Olivio sank onto the couch.

Not the way he normally sat. He dropped. The leather received him without comment, and he sat there with his elbows on his knees and his hands gripping the sides of his head and his eyes squeezed shut, and the city hummed beyond the glass, indifferent.

A thousand possibilities crossed his mind. The street. A bus. A hospital, had her leg given out, had she collapsed, was she somewhere in pain and alone, was she—-

No.

He couldn't go there.

But he couldn't stop going there, either, because the thing about losing control was that once it was gone, the mind did what it wanted, and what his mind wanted was to show him every scenario in which Chelsea was hurt and he wasn't there, and the scenarios were vivid and merciless and they wouldn't stop.

His phone sat silent on the cushion beside him.

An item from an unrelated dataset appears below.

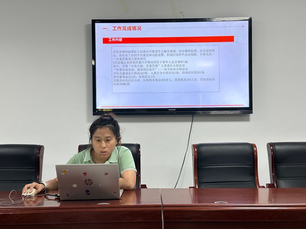 会上,首先由各社工站站长对5月份社工站工作开展情况及下月工作计划做了详细汇报,包括入户探访、开展个案服务、社区活动、资源链接、日常宣传、亮点工作等,接着南山社工总站站长王泽琪带领大家梳理和反思了近期的工作内容,为接下来的重点工作和项目执行提供了思路和方向。
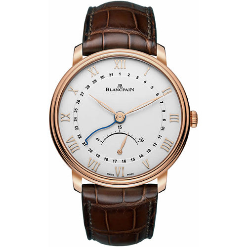 Blancpain Villeret Ultra Slim Date 30 Seconds Retrograde Opaline Dial Mens Watch 6653Q-3642-55B. 18kt rose gold case with a alligator brown leather strap. Opaline dial with gold-tone hands and Roman numeral hour markers. Automatic movement. Scratch resistant sapphire crystal. Pull / push crown. Transparent exhibition see through case back. Case diameter: 40 mm. Case thickness: 10.83 mm. Round case shape. Deployment clasp. Water resistant at 30 meters / 100 feet. Luxury watch.

Nothing from Adriano's network or Aivan's contacts or Giancarlo's people or his own security or Edgar's desperate search or Kazeyuki's clinic. Nothing.

She was gone.

And the thought of losing her, not for an afternoon but permanently, the way his family lost people, the way Paulette had been lost and the loss had turned his father into a ghost and Aivan into stone, the thought of that made it impossible to breathe, and this time, he didn't recoil from the impossibility. This time, he didn't reach for a framework or a rationalization or the familiar armor of precious is not the same as necessary.

This time, all he wanted was to stay inside the feeling.

Because the feeling was her.

The feeling was nine days of waking up with her warmth against him and falling asleep with her hand on his chest. Coffee in a chipped white mug. Colored highlighters. A breakfast table she set herself every morning because she wanted to. I love—-I mean, I'll see you tonight. A book with colored tabs. I want you to go to Heaven. The absolute, annihilating tenderness of a woman who asked for nothing except that the man she loved would exist forever.

He'd had that.

He'd had all of it.

And he'd held it in his hands and calculated its utility, and the calculation was the cruelest thing he'd ever done, crueler than anything Aivan had done to Sienah in ten years of neglect, because Aivan hadn't known what he had. Olivio had known. He'd known, and he'd used it anyway, and the knowledge of that was a weight that no amount of pacing or phone calls or twenty-three-million-dollar sacrifices could lift.